Input material START

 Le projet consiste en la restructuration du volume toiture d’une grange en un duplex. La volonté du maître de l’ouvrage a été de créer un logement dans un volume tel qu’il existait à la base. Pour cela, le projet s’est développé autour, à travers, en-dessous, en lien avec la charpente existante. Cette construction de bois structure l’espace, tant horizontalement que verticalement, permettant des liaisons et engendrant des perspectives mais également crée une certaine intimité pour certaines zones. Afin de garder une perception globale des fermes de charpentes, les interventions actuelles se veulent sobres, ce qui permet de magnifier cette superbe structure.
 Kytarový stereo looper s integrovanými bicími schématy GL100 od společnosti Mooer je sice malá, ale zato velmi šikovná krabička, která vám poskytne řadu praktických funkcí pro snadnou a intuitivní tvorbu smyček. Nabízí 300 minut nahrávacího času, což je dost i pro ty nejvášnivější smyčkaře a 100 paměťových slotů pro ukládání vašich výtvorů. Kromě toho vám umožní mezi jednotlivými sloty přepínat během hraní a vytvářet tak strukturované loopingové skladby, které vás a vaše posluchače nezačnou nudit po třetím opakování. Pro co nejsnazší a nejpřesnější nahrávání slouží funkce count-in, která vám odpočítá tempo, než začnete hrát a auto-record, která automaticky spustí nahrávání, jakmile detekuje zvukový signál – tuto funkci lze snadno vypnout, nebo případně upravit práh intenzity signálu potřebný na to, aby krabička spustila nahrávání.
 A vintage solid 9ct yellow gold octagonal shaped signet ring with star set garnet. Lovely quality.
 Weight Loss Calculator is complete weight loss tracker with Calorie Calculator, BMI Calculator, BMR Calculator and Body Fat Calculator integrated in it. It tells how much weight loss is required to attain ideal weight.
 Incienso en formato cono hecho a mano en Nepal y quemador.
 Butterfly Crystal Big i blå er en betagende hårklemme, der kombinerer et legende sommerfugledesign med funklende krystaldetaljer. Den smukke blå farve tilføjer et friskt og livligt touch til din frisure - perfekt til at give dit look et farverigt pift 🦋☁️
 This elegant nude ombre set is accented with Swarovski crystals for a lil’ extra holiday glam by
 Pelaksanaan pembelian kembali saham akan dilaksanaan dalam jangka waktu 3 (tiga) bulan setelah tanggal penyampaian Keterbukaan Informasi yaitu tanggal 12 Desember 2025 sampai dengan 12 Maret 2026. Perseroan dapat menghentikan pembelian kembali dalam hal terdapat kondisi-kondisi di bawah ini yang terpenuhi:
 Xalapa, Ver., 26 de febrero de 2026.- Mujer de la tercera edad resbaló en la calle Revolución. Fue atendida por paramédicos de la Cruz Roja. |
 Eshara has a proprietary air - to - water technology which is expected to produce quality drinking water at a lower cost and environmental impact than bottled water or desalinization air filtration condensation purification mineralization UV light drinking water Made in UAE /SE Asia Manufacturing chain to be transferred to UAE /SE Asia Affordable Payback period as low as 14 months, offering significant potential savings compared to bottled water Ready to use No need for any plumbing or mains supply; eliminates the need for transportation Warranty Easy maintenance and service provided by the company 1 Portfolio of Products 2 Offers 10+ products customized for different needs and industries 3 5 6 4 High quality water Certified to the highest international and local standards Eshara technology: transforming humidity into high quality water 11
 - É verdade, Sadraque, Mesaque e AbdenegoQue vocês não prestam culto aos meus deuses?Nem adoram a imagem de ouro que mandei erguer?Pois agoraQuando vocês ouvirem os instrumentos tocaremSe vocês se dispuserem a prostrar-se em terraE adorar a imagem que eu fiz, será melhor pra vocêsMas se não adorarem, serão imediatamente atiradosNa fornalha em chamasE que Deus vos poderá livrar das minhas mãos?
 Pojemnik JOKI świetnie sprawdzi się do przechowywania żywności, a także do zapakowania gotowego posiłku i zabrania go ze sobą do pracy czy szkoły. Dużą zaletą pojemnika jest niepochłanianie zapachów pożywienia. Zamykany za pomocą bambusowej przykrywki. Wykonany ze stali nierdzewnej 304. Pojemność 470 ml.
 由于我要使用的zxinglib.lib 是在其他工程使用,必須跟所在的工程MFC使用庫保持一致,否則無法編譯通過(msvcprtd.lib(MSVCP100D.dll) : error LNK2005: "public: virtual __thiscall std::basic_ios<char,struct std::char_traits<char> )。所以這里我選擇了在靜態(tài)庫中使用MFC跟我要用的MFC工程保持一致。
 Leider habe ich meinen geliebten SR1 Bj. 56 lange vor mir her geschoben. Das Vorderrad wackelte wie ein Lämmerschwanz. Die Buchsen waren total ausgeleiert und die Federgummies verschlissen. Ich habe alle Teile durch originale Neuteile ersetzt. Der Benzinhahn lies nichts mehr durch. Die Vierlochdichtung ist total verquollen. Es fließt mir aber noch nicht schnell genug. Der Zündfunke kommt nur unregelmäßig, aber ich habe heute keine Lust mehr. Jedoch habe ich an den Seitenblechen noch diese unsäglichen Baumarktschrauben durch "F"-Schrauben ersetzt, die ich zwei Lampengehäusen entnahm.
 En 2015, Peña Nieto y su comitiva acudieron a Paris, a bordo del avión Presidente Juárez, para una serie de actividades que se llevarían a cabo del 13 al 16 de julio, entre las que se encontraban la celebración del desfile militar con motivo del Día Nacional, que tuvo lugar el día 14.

Input material END

[What the task asks]
Out of the listing above, reproduce exactly the lines from the one with "A vintage solid" up to and including the one with "Weight Loss Calculator".

[Exercise result]
 A vintage solid 9ct yellow gold octagonal shaped signet ring with star set garnet. Lovely quality.
 Weight Loss Calculator is complete weight loss tracker with Calorie Calculator, BMI Calculator, BMR Calculator and Body Fat Calculator integrated in it. It tells how much weight loss is required to attain ideal weight.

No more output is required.